I opened my mouth to reply, but Mrs. Scott cut in by bustling over to the table and taking away Mr. Ratliff’s plate.
“I hadn’t finished yet,” he protested.
“Of course you have,” she said brightly, returning to the kitchen sink. “You said yourself, you don’t want to get sleepy on an overstuffed stomach.”
He grumbled, excused himself, and took away his book and tea mug toward the direction of his office.
Relieved to be alone, I pushed around the beans on my plate, and finally took a little bite. They actually weren’t bad. The ketchupy taste blended with the eggs in kind of a soft, salty mash. I took a few more bites and washed them down with the rest of my tea, suddenly feeling more awake than I had all morning. Sheesh, what was in this stuff? I was going to be more wired than a chihuahua at this rate.
I carried my plate over to Mrs. Scott at the sink and thanked her for the meal.
“Now, do you know where to find your lecture this morning? Mr. Ratliffe could walk over with you, if you like. I think he’ll be leaving himself any moment.”
“Oh, no, I’m good. I think I’ve got it figured out.”
Whew. Dodged a bullet there. I would just hang out in my room with the door open to listen for when he left. I checked the clock. I still had an hour until class started at eight. I could chill and get my stuff together. I mean, it was only going to take, like, fifteen minutes to walk to campus, tops.
While waiting, I flipped through the orientation packet and the syllabus Dr. Mosely had given us yesterday. The schedule said “seminars” were in the morning until noon, Monday through Friday, for the next eight weeks. Tuesdays and Thursdays I would have “tutorials” with two or four students and a tutor in the afternoon to review our essays and do some deeper studying. Saturdays would be “excursions”—guided field trips to literary destinations like Westminster Abbey. The clincher seemed I was going to be doing a lot of reading and writing on my own, and all my grades would rest on the essays—no tests, no quizzes, no extra credit. Was this really better than Barker’s Burgers? I could have been earning some decent cash by now, and not eating beans for breakfast. But no. I had made up my mind. Sure, there had been some hiccups, but I was going to make this work, even if it broke me. Forget the fact that I was already broke. Sigh.
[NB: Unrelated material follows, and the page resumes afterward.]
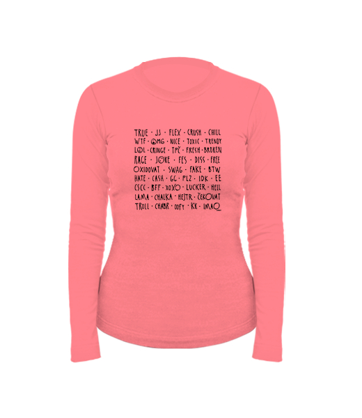 Dámské bavlněné tričko s dlouhým rukávem pro ženy s potiskem 1372 DĚTSKÝ SLANG v barvě LOSOSOVA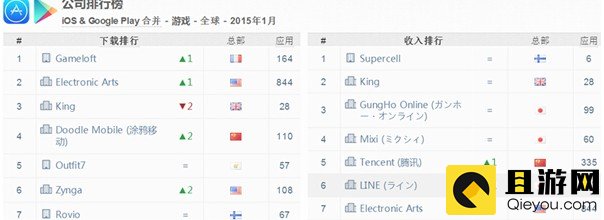 2015年1月全球手游发行商排行榜

I cleared out space in my backpack for all the books I was going to have to pick up at the bookstore, and heard the front door open and shut. Good, Mr. Ratliffe’s gone. Now I could relax and take my time walking to campus, maybe even explore a little bit. I pulled out my map, found the location of my seminar class and circled it with a pencil. Now to figure out how to get there.
Unfortunately, the map of campus was exactly that: a map of campus. It didn’t show where the town or anything off campus was, and certainly not the Ratliffe House. I felt a little panic rising. Deep breaths, you can fix this. I would use my computer for a map search. I sat down at the desk, ready to type in the address of Ratliffe House when it occurred to me that I had no idea what the address here was.
I could ask Mrs. Scott, but I couldn’t think of an excuse to do so without looking like an idiot. Besides, it sounded like she had already left the kitchen.Great.It was too late to try and tail Mr. Ratliffe, not that it was a good option. He’d definitely make fun of me if he noticed. Finally, I closed my eyes and tried to remember the way Dr. Mosely had led me from the university yesterday.Let’s see… a left past that street with the little grocery store, and then a right onto the lane with the pink flowering tree…Feeling better, I grabbed the blue-ribboned key from the drawer, slung my book bag over my shoulder, and headed out.